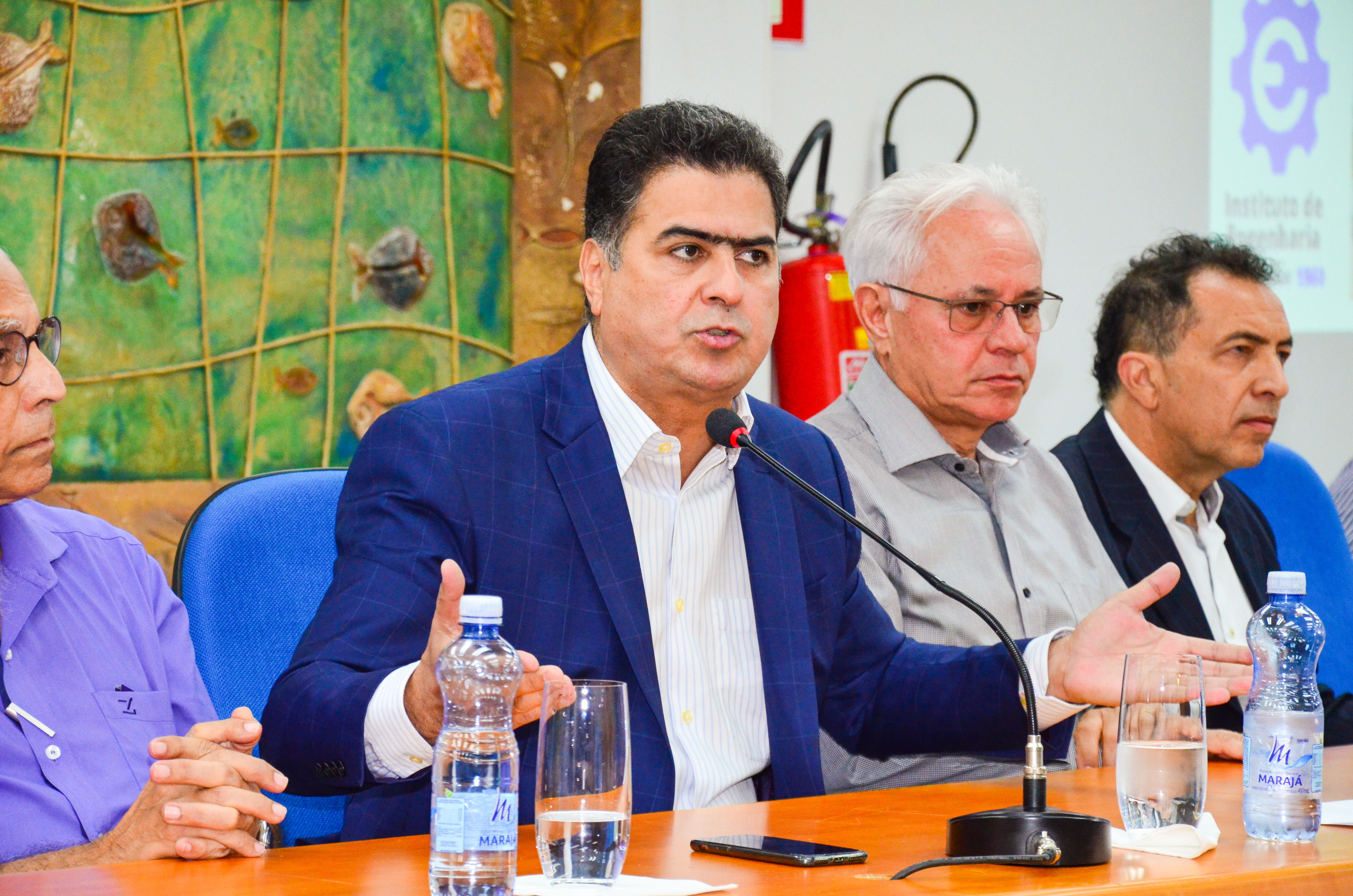 O prefeito de Cuiabá, Emanuel Pinheiro, participou nesta segunda-feira (12) da audiência pública promovida pelo Instituto de Engenharia de Mato Grosso em parceria com o Conselho Regional de Engenharia e Agronomia (CREA- MT) para debater a retomada das obras do Veículo Leve sobre Trilhos (VLT).
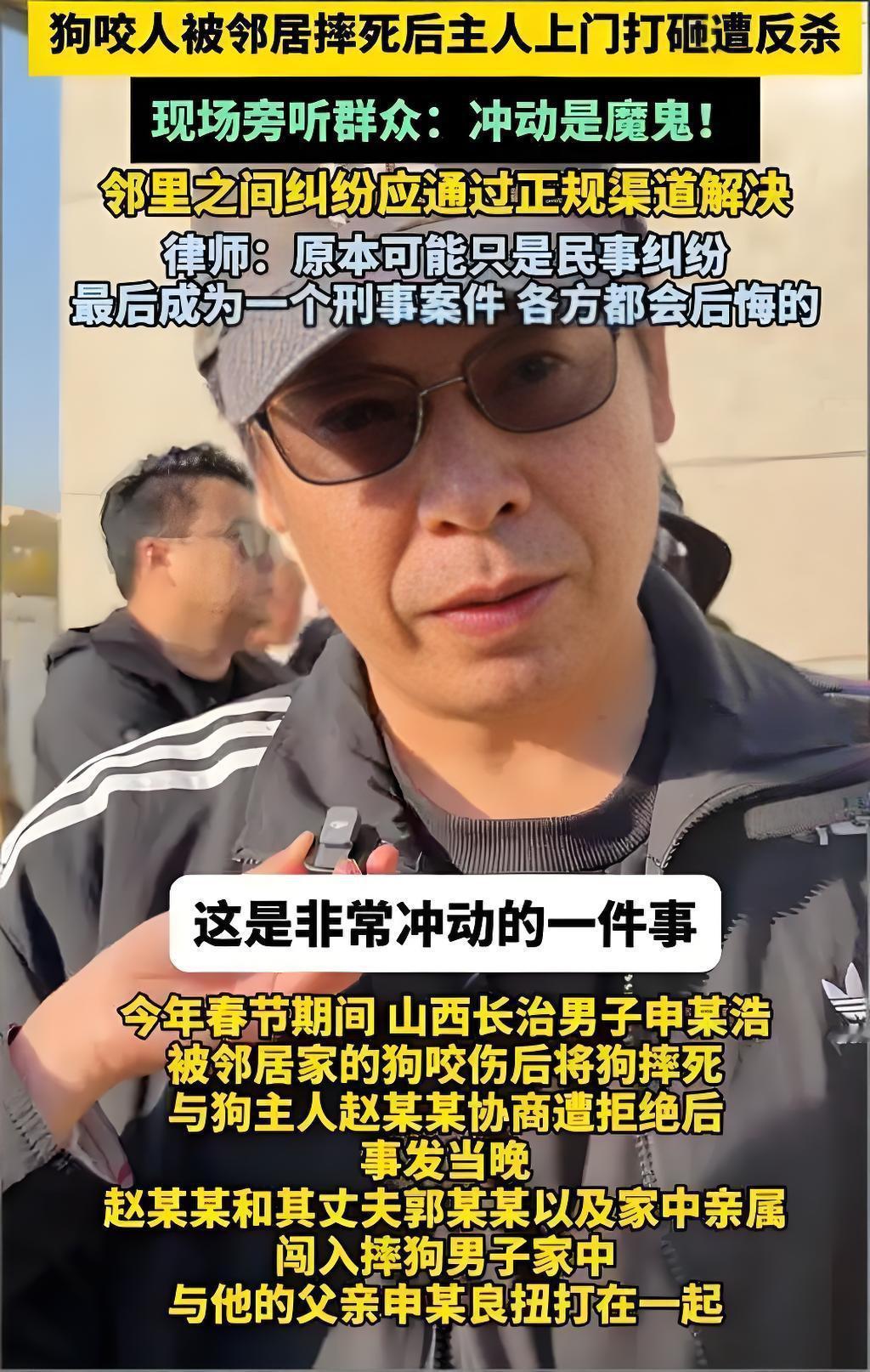 九刀避要害:60岁父亲挥刀的最后防线 当60岁的申某良攥着那把杀鱼刀时,他或许没想过正当防卫四个字。 腊月的山西长治,自家院门外的狗先咬了儿子,随后狗主人带着亲戚砸破玻璃、踹开大门,今晚弄死你们的叫骂声里,妻子和女儿被推搡在地,他退到窗台角落,摸到了那把刀。 九刀挥出去,没扎向胸口、没劈向脖颈,全落在胳膊和大腿上。唯独一刀割破了对方股动脉,让这场从狗咬人开始的闹剧,以两条人命(狗与人)的代价落幕。 尸检报告成了最沉默的证词:刀刀避要害,恰是绝境里的慌乱自保。而另一边,申某良鼻骨骨折、全身淤青的诊断书,藏着被围殴的痕迹。 狗主人的妻子后来悔了:不该砸玻璃。申家儿子也说:要是忍了,不摔死狗就好了。可人生哪有那么多要是?当私宅被踹开的那一刻,法律该是守在普通人身后的最后一道墙,不是谁伤重谁有理。 庭审还没宣判,但这九刀早刻在了每个普通人的心里:我们怕的从不是狗,是破门而入的戾气;我们要的也从不是反杀,是守住家门的底气。
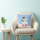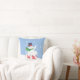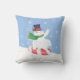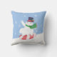Een gelukkige sneeuwman zit op een pepermuntschijf terwijl hij een besneeuwde heuvel afglijdt. Originele illustratie door Noël Snow.
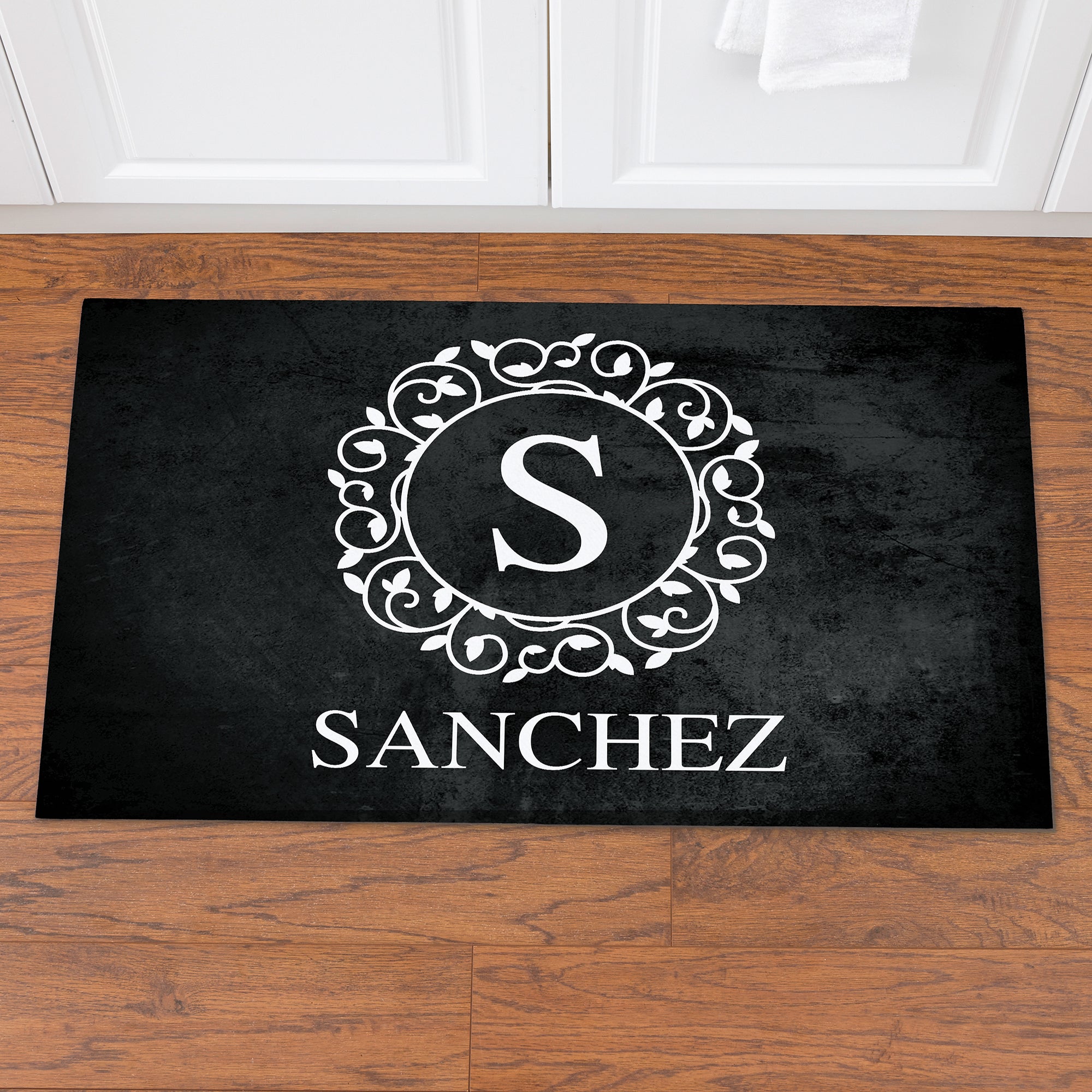 Add an elegant, distinctive touch to your kitchen with our Circle & Vine Monogram Personalized Kitchen Mats.
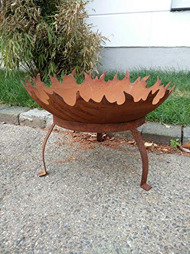 Zen Man patina eldskål trädgård, trädgårdsskål med stativ, växtskål rost metall, trädgårdsdekoration 50 cm 1,8 mm D = 12,5 cm handgjord
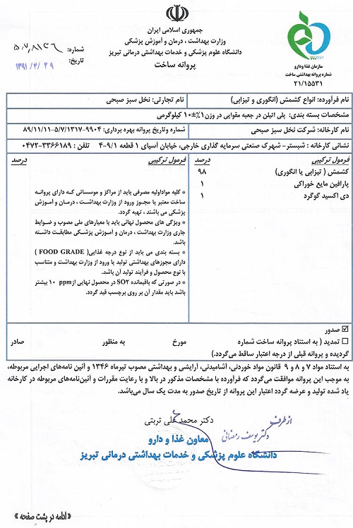 نام تجاری ( برند اصلی ) : نخل سبز
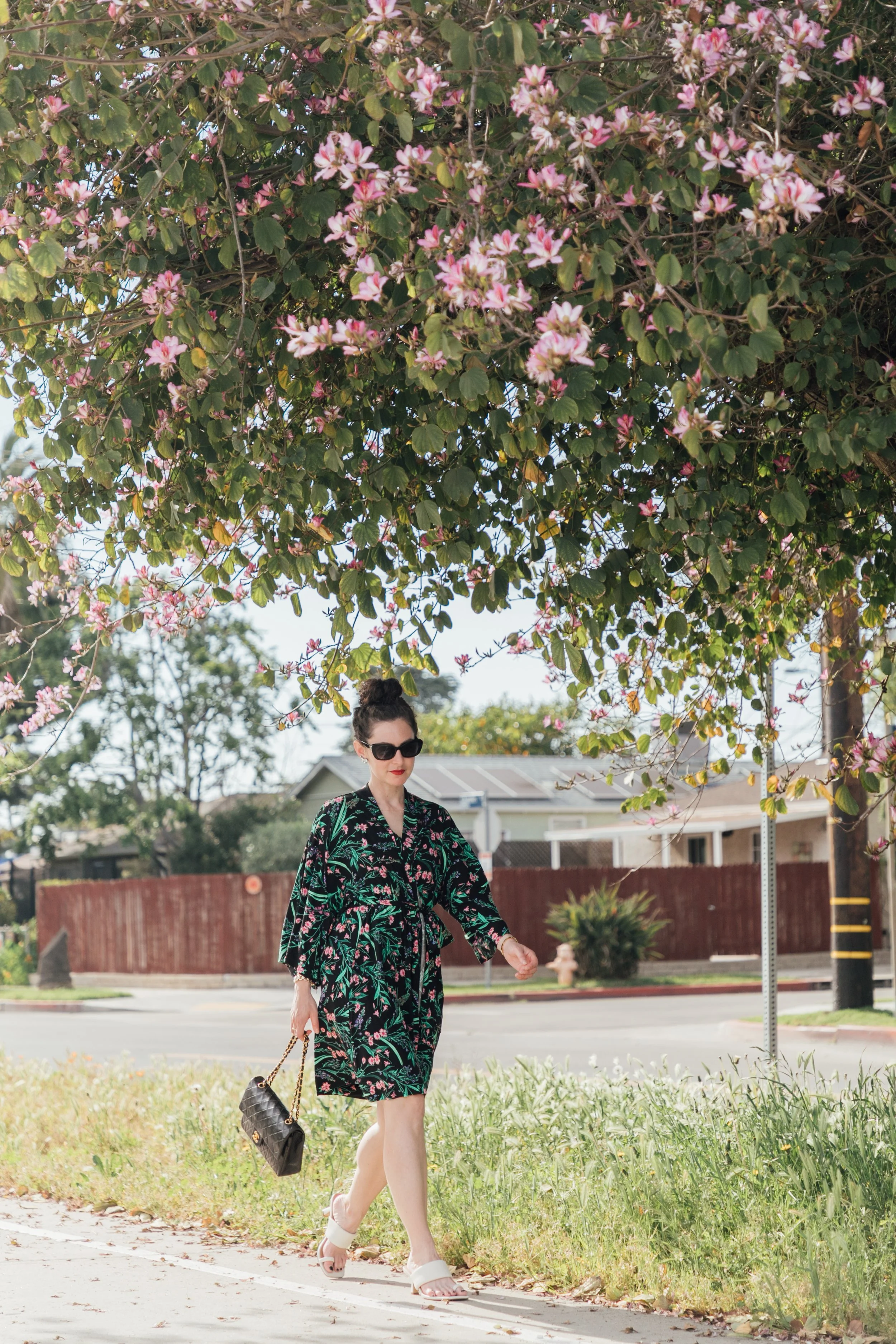 I believe it’s meant to be more of a lingerie set—a slip dress with a matching robe. That said, it’s really fun and versatile, and the print is giving floral vintage vibes. I paired it with some vintage-inspired accessories—Chanel sunnies with pearls down the sides, crystal “crawler” earrings, a classic bag, and white sandals. Looking back now, I made the look overly extra but it was definitely a vibe.
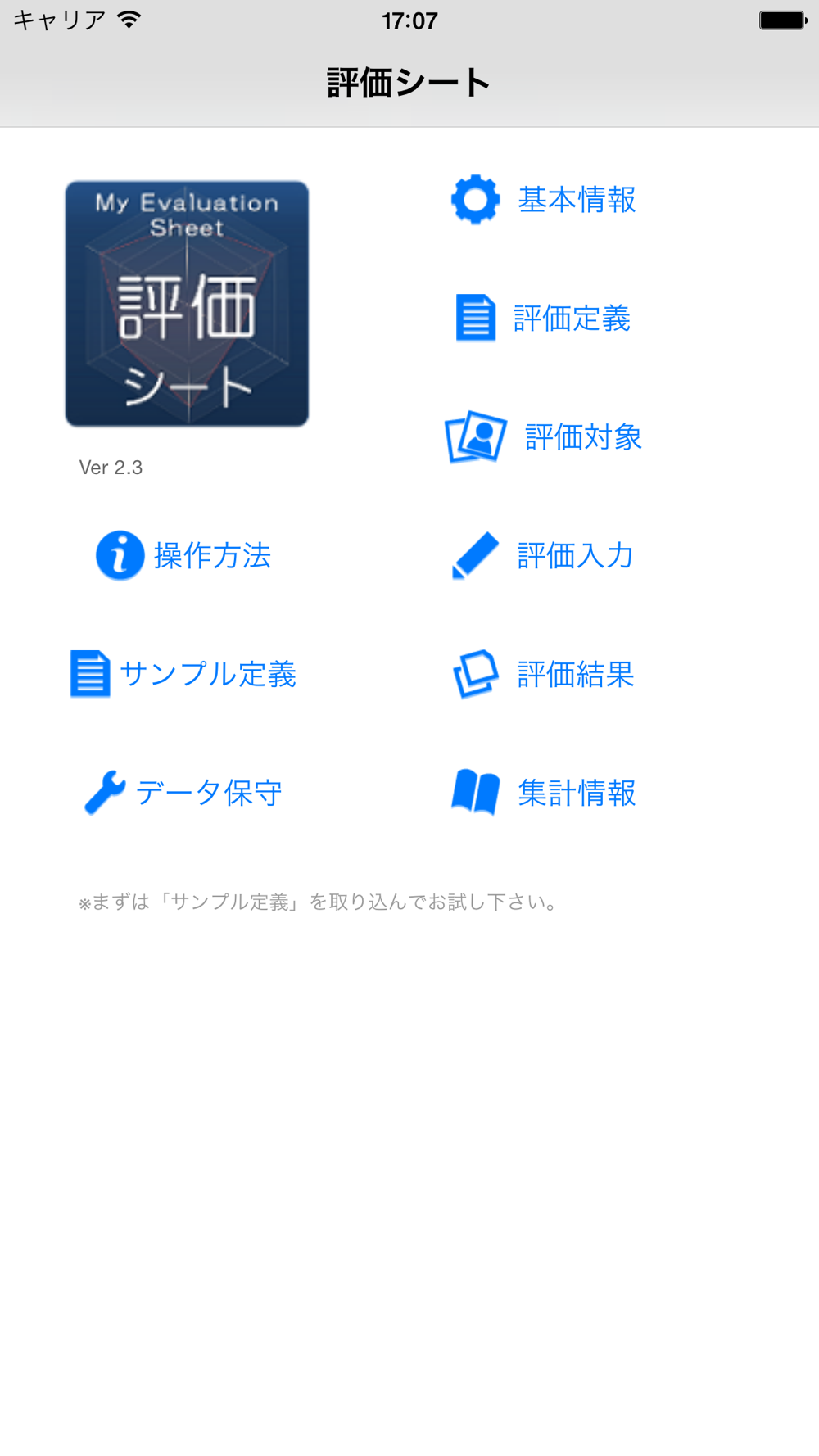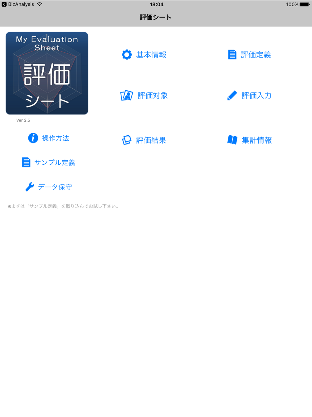 ◆実用的なサンプル評価定義をご用意しています。以下の定義を取り込むことができます。
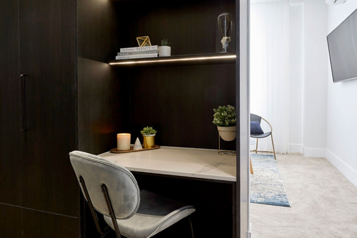 A makeup station is the perfect fit within this space as it adds to the joy of getting ready each day. Alternatively, with work/study areas increasingly important in homes around Australia, including a desk into your new robe design is a great choice and increases the value of the space.
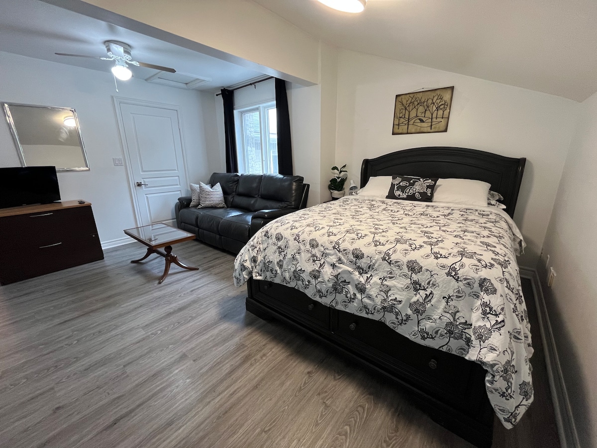 Have a comfortable and relaxing stay in this brand new, fully furnished private basement apartment. This clean, pet-free and smoke-free unit has just been completely renovated. This modern space includes one private bedroom, one gorgeous bathroom, a fully equipped workstation, a kitchen table and eating area, and 60” flat screen TV with a firestick. We want you to have a smooth and relaxing guest experience, and we are available by phone or text 24/7.
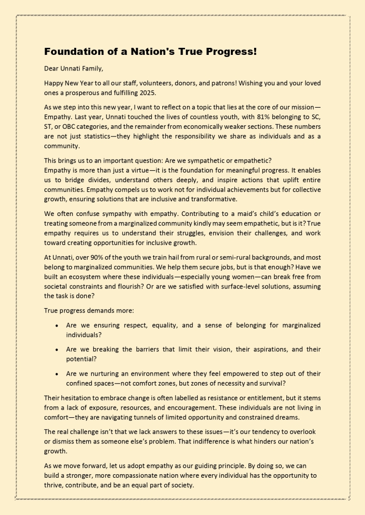 UNNATI’S QUARTERLY NEWSLETTER FOR OCT – DEC 2024Jayan VargheseJan 251 min readOur Newsletter for the period of October to December 2024, is now here! * * *

_What to produce_
Skip the pictures and write out exactly the lines from the line containing "A makeup station" through the end of the listing above.

_Task answer_
 A makeup station is the perfect fit within this space as it adds to the joy of getting ready each day. Alternatively, with work/study areas increasingly important in homes around Australia, including a desk into your new robe design is a great choice and increases the value of the space.
 Have a comfortable and relaxing stay in this brand new, fully furnished private basement apartment. This clean, pet-free and smoke-free unit has just been completely renovated. This modern space includes one private bedroom, one gorgeous bathroom, a fully equipped workstation, a kitchen table and eating area, and 60” flat screen TV with a firestick. We want you to have a smooth and relaxing guest experience, and we are available by phone or text 24/7.
 UNNATI’S QUARTERLY NEWSLETTER FOR OCT – DEC 2024Jayan VargheseJan 251 min readOur Newsletter for the period of October to December 2024, is now here! * * *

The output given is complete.